## What needs to be done:
Leaving out the pictures, write out exactly each line from the line with "San Diego County" through the close of the listing below.

## Dataset extract:
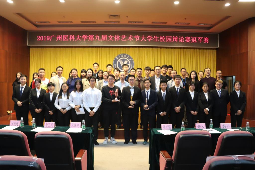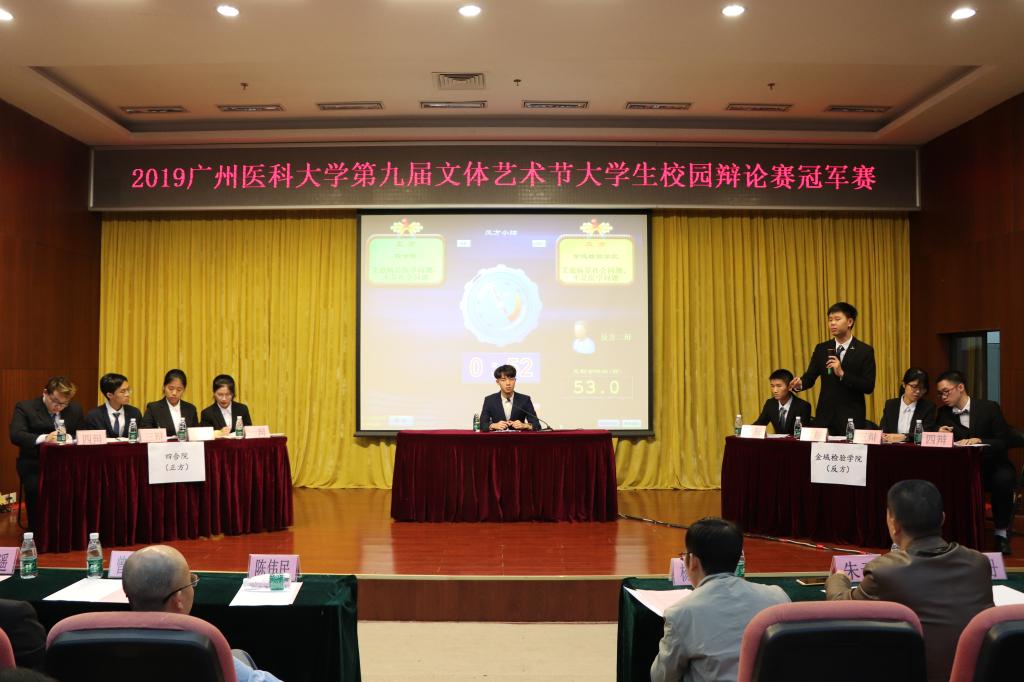 2019年11月28日晚,由学校团委主办、第一临床学院团委承办的第九届文体艺术节大学生校园辩论赛冠军赛在我校番禺校区图书馆报告厅拉开帷幕。评委由学校党委宣传部副部长杨绍滨老师,卫生管理学院朱云老师、韩丹老师担任,学校学生工作部(处)陈伟民部长,学校团委曾王兴书记、吴欣遥副书记、秦凯科长、王琳老师,金域检验学院学生科冯景贤科长,第六临床学院、儿科学院、精神卫生学院、市一学院(以下简称:四合院)学生办主任兼团委书记李树学老师,第一临床学院团委副书记吴星老师、各学院学生代表近500人参加活动。比赛由学校艺术团主持队成员、第一临床学院2018级吴宗徽同学主持。
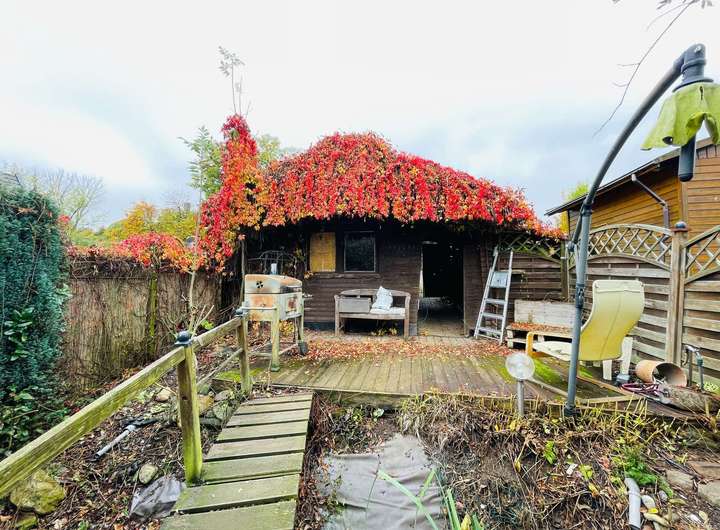 Über den Wintergarten gelangen Sie in ihren eigenen Garten. Er lässt sich vielseitig gestalten und bietet viel Raum für Ideen. Ein echtes Highlight ist das große Blockhaus mit einem zusätzlichen Hobbyraum und praktischen Abstellflächen. Über einen Durchgang gelangen Sie von hier in den oberen Gartenbereich. Ob Beete, Werkbank oder ruhige Sitzecke, hier ist vieles möglich.
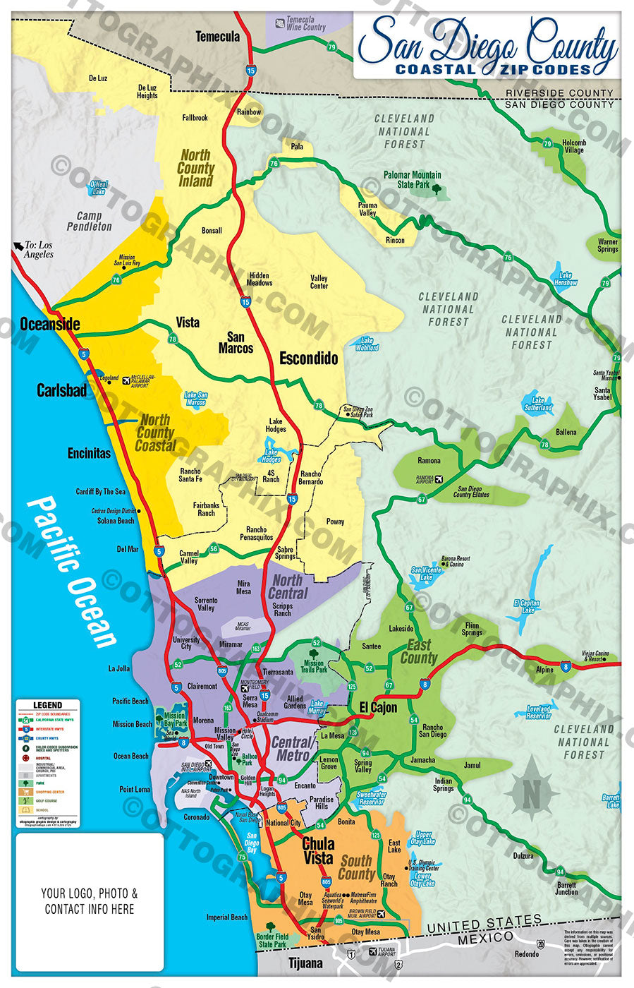 San Diego County Map COASTAL (no Zip Codes) โ Otto Maps
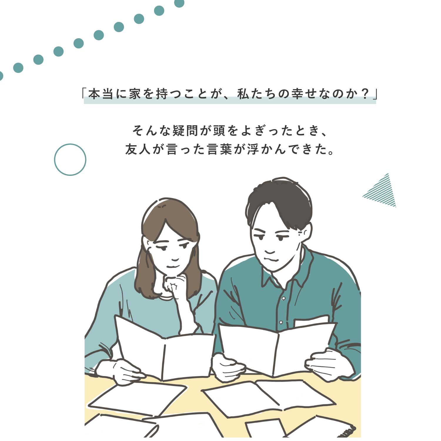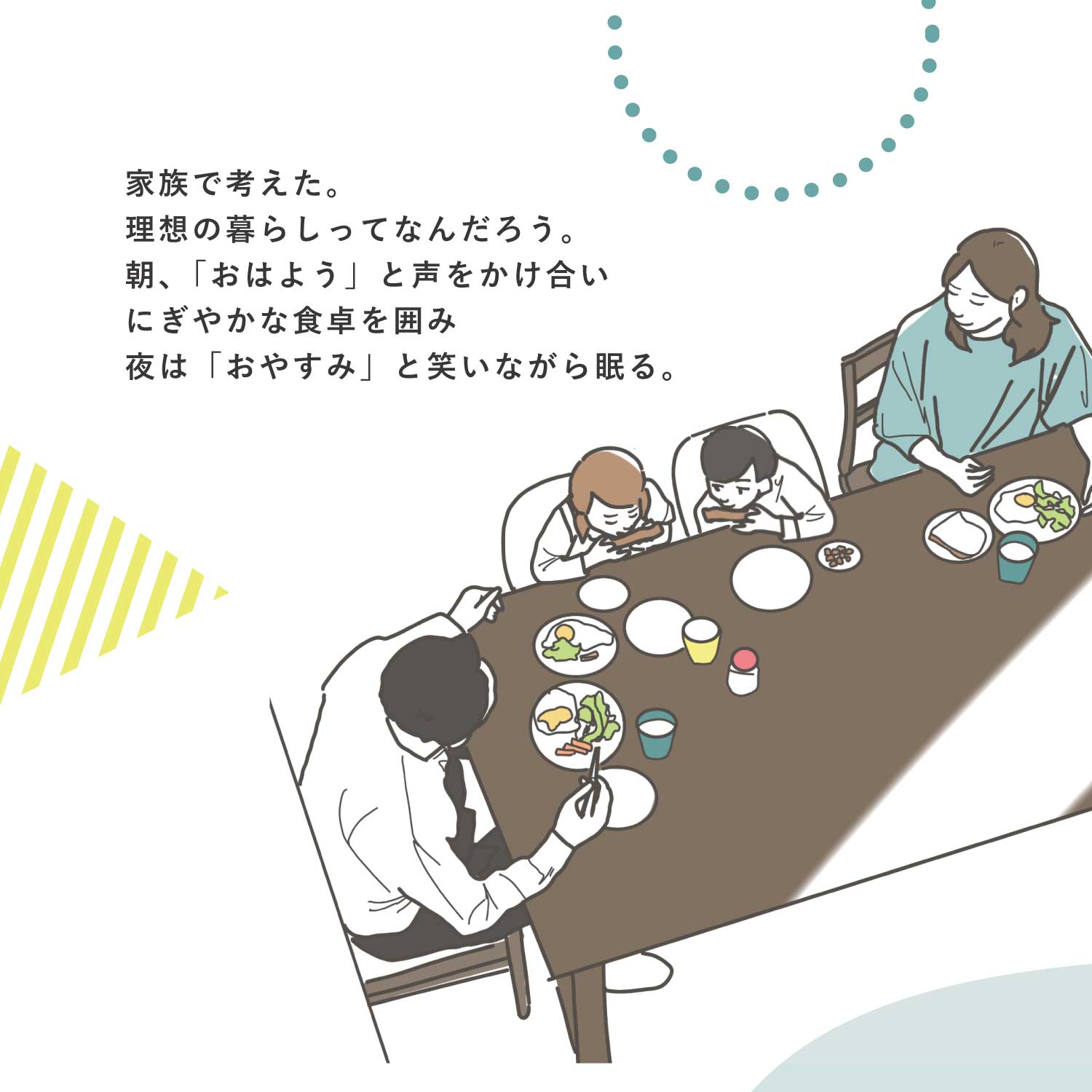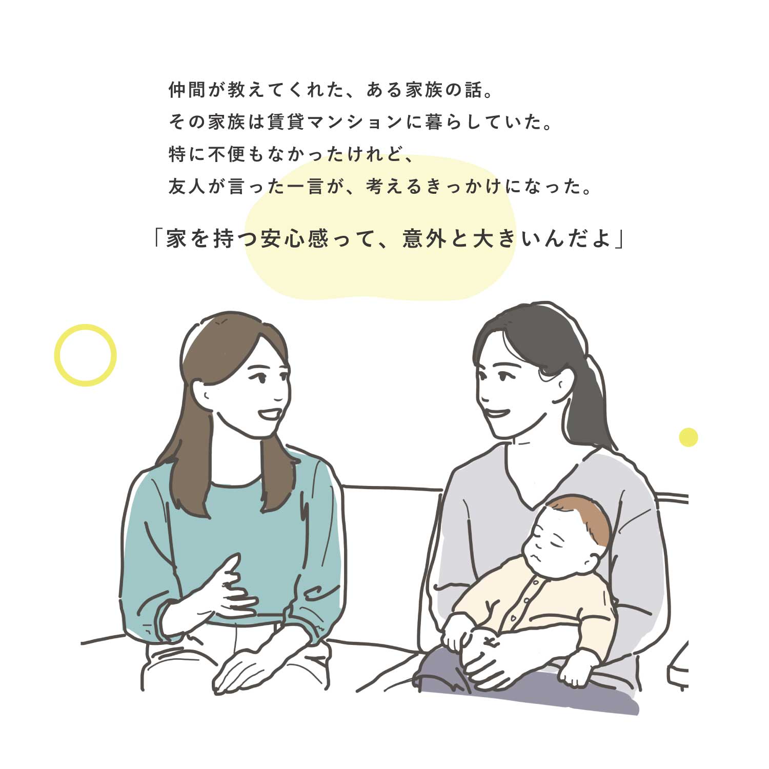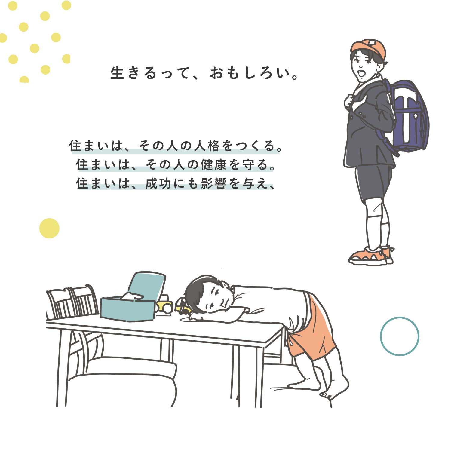 日々の暮らしの中で、家づくりの大切さに気づく物語です。

## Solution to this task:
 San Diego County Map COASTAL (no Zip Codes) โ Otto Maps
 日々の暮らしの中で、家づくりの大切さに気づく物語です。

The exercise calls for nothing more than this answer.